What this task involves:
Copy nothing but the text: repeat each entry exactly and drop the images.

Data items
# # # # #

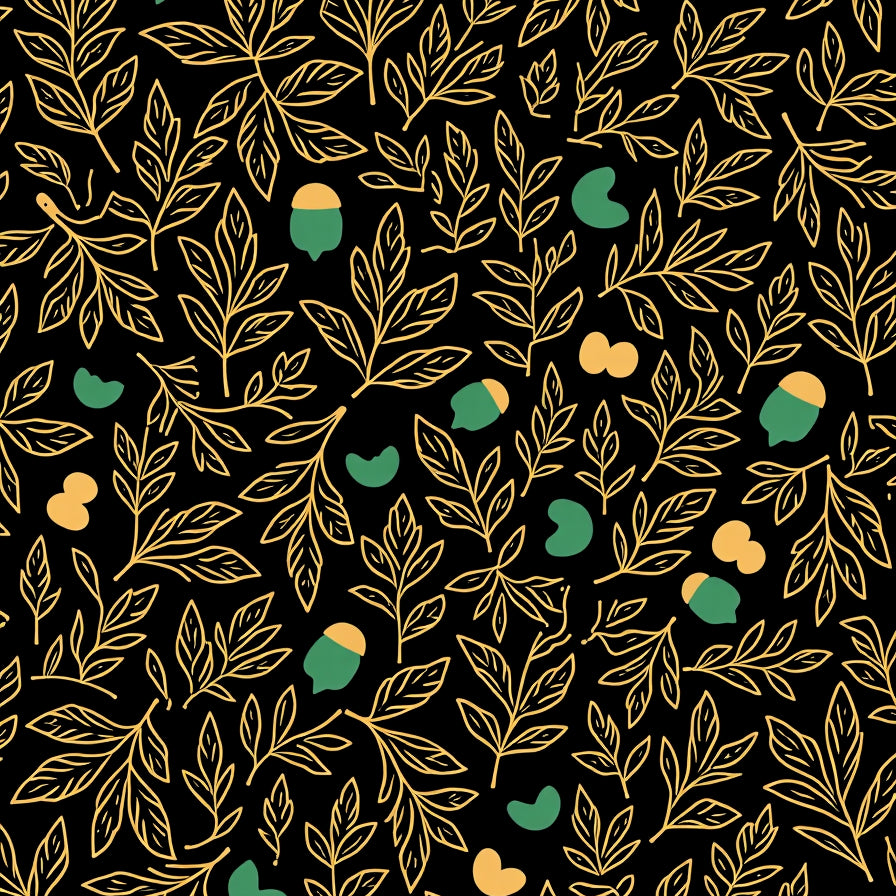 Harvest Woodland Path with Maple Branches and Classic Forest Icons(Black)
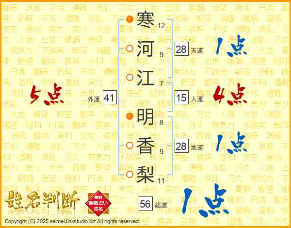 寒(12画)河(9画)江(7画) 明(8画)香(9画)梨(11画)
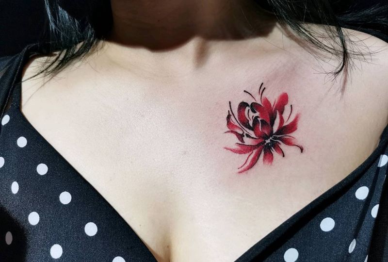彼岸花纹身图片_胸部水墨水彩纹身图案
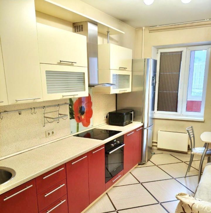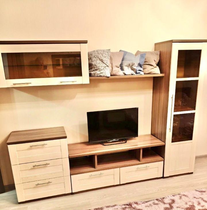 В квартире есть всё необходимое для комфортного проживания: современная мебель в комнате и кухне, кондиционер, холодильник и стиральная машина. Просторная кухня площадью 12 кв.м идеально подходит для семейных обедов и ужинов. Совмещённый санузел оборудован ванной, что позволяет расслабиться после насыщенного дня.
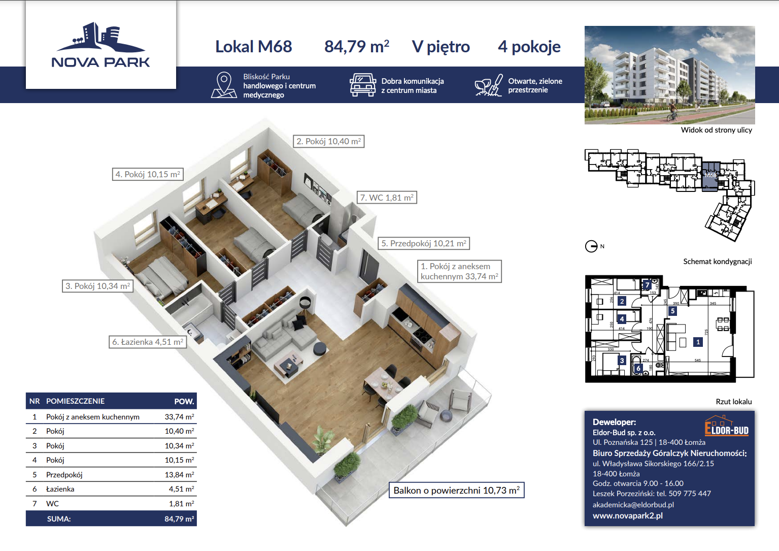 Nova Park znajduje się przy ul. Akademickiej w Łomży. Lokalizacja ta gwarantuje codzienną wygodę w dojeździe do pracy, szkoły, na uczelnię, zakupy czy do wielu wyjątkowych miejsc rekreacji. Niedaleko m.in. kilka przystanków autobusowych oraz kluczowych tras dojazdowych, ułatwiających dostęp do każdej części Łomży. W jej ścisłym centrum można znaleźć się w mniej niż 7 minut. W pobliżu inwestycji nie brakuje również rozległych terenów zielonych, idealnych na długie spacery, jogging czy wycieczki rowerowe.

# # # # #

Task solution:
 Harvest Woodland Path with Maple Branches and Classic Forest Icons(Black)
 寒(12画)河(9画)江(7画) 明(8画)香(9画)梨(11画)
彼岸花纹身图片_胸部水墨水彩纹身图案
 В квартире есть всё необходимое для комфортного проживания: современная мебель в комнате и кухне, кондиционер, холодильник и стиральная машина. Просторная кухня площадью 12 кв.м идеально подходит для семейных обедов и ужинов. Совмещённый санузел оборудован ванной, что позволяет расслабиться после насыщенного дня.
 Nova Park znajduje się przy ul. Akademickiej w Łomży. Lokalizacja ta gwarantuje codzienną wygodę w dojeździe do pracy, szkoły, na uczelnię, zakupy czy do wielu wyjątkowych miejsc rekreacji. Niedaleko m.in. kilka przystanków autobusowych oraz kluczowych tras dojazdowych, ułatwiających dostęp do każdej części Łomży. W jej ścisłym centrum można znaleźć się w mniej niż 7 minut. W pobliżu inwestycji nie brakuje również rozległych terenów zielonych, idealnych na długie spacery, jogging czy wycieczki rowerowe.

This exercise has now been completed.